**What you need to do**
Could you set down exactly the lines of the data below, starting at the one that holds "Дегидрированное мясо (птица" and ending at the one that holds "Yugoslavia 1988 MNH", both included, and only those?

**Information shown**
-.-.-

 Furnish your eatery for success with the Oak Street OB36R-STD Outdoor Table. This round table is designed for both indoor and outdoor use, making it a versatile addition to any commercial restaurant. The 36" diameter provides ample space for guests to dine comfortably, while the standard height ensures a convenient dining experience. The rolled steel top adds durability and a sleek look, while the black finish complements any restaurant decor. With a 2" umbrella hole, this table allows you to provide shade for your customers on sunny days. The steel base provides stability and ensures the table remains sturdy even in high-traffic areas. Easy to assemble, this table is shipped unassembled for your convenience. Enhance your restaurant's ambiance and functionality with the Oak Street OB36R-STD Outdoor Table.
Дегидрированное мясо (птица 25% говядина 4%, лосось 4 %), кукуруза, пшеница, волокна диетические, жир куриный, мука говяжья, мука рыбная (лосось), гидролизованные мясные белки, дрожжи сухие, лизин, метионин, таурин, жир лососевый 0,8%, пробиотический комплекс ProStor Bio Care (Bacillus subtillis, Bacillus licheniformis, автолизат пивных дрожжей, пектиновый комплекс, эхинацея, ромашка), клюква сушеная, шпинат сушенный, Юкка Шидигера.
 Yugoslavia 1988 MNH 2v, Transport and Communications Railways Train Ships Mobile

-.-.-

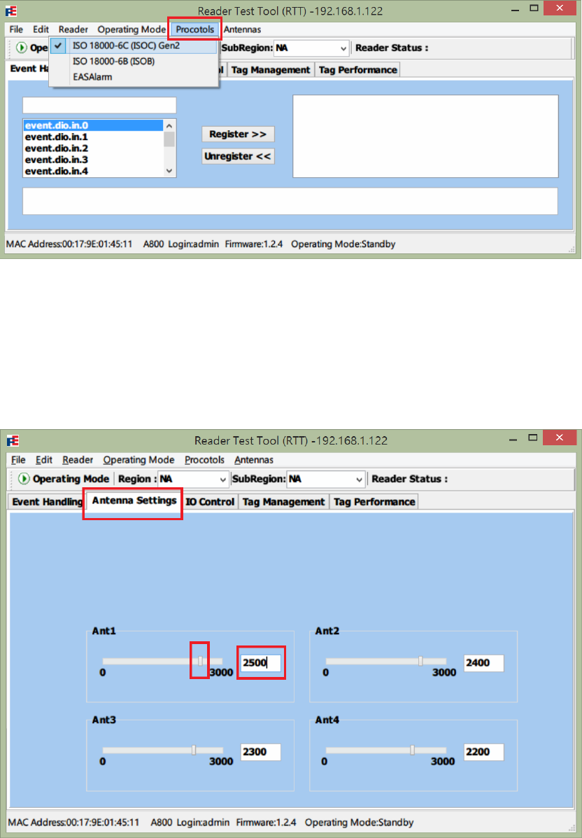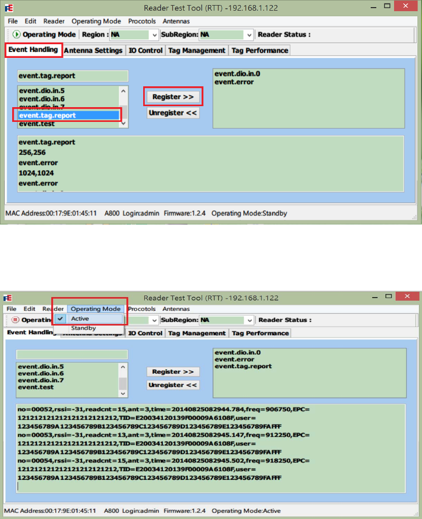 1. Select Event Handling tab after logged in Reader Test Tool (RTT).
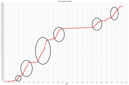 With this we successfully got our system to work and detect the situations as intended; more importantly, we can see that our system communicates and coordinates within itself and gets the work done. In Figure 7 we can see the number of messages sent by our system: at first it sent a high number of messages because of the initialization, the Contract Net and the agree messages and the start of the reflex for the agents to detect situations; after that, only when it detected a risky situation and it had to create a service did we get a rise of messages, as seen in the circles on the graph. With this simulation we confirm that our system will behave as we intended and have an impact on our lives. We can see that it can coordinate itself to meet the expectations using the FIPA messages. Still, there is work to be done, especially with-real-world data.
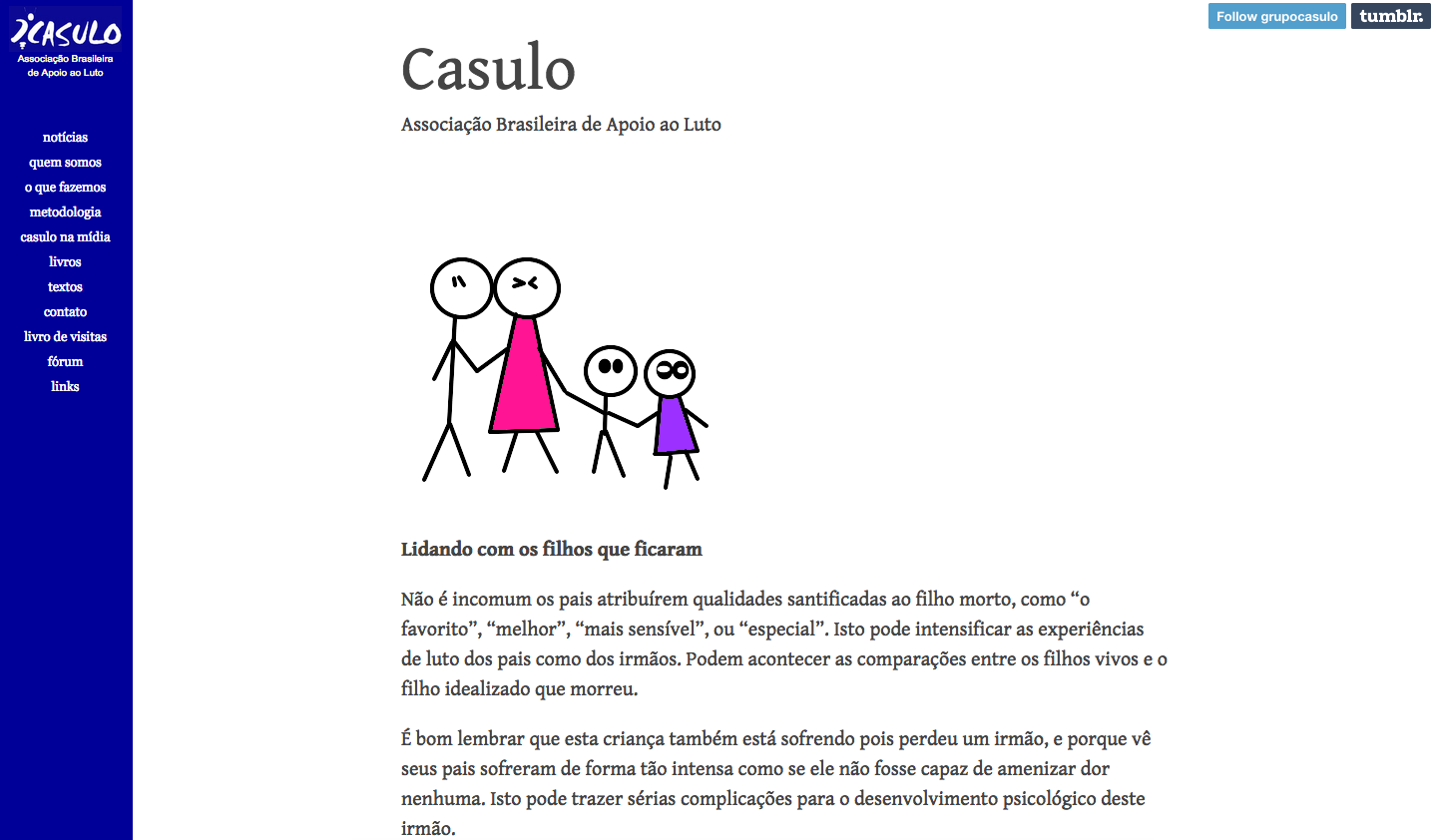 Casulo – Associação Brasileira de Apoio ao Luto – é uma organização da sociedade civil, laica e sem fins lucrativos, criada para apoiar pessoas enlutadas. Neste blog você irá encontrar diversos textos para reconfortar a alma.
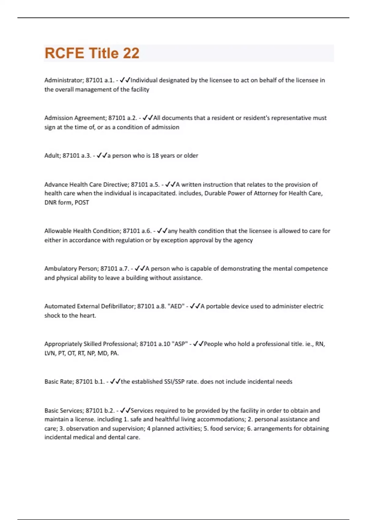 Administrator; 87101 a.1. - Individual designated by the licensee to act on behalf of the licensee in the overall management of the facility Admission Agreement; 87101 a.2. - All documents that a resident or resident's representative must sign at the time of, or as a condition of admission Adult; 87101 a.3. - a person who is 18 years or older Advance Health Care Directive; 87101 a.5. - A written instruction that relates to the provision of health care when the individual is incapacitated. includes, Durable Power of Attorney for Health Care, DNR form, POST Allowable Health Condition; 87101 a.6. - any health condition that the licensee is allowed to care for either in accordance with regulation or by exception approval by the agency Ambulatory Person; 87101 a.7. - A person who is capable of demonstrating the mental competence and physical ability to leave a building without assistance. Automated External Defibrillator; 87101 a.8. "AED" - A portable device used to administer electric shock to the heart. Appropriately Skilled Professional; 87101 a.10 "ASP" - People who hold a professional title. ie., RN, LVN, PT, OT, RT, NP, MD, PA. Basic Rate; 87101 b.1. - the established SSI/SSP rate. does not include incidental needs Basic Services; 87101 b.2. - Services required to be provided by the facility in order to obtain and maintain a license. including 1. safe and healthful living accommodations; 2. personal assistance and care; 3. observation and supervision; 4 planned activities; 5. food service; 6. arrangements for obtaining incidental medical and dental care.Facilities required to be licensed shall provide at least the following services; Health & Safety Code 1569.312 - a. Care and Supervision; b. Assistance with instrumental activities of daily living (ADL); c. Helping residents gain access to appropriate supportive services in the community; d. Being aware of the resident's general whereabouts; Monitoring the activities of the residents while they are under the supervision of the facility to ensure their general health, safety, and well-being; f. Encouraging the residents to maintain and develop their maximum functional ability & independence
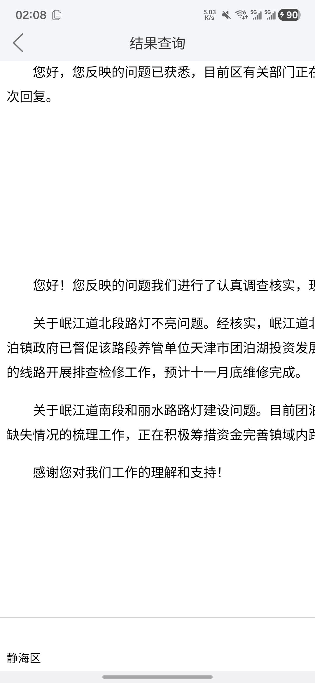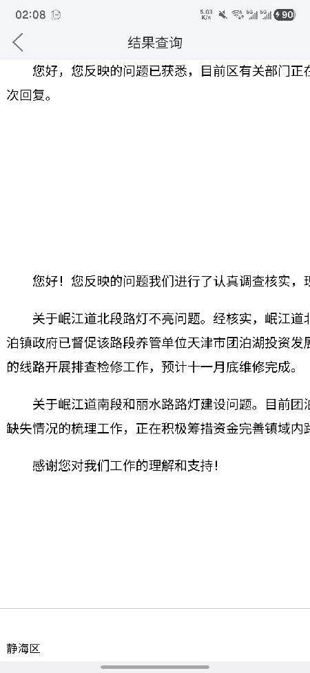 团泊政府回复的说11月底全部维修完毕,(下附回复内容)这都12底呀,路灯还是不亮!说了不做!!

-.-.-

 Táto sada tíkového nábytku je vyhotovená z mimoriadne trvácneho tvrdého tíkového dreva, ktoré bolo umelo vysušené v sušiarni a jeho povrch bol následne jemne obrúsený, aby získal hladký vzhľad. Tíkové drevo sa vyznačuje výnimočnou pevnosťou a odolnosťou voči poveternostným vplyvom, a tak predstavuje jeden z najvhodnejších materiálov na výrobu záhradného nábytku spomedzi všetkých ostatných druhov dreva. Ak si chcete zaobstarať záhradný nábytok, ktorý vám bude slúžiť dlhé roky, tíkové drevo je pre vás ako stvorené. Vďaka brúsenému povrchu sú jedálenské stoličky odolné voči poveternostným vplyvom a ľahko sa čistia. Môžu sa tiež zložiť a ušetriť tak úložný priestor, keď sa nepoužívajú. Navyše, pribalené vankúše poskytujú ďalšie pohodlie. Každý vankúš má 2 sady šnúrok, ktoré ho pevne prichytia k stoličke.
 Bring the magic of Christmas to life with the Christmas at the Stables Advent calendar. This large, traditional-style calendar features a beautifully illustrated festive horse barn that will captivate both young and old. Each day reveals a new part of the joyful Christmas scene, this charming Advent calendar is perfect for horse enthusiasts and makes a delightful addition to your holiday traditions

-.-.-

**Your solution**
Дегидрированное мясо (птица 25% говядина 4%, лосось 4 %), кукуруза, пшеница, волокна диетические, жир куриный, мука говяжья, мука рыбная (лосось), гидролизованные мясные белки, дрожжи сухие, лизин, метионин, таурин, жир лососевый 0,8%, пробиотический комплекс ProStor Bio Care (Bacillus subtillis, Bacillus licheniformis, автолизат пивных дрожжей, пектиновый комплекс, эхинацея, ромашка), клюква сушеная, шпинат сушенный, Юкка Шидигера.
 Yugoslavia 1988 MNH 2v, Transport and Communications Railways Train Ships Mobile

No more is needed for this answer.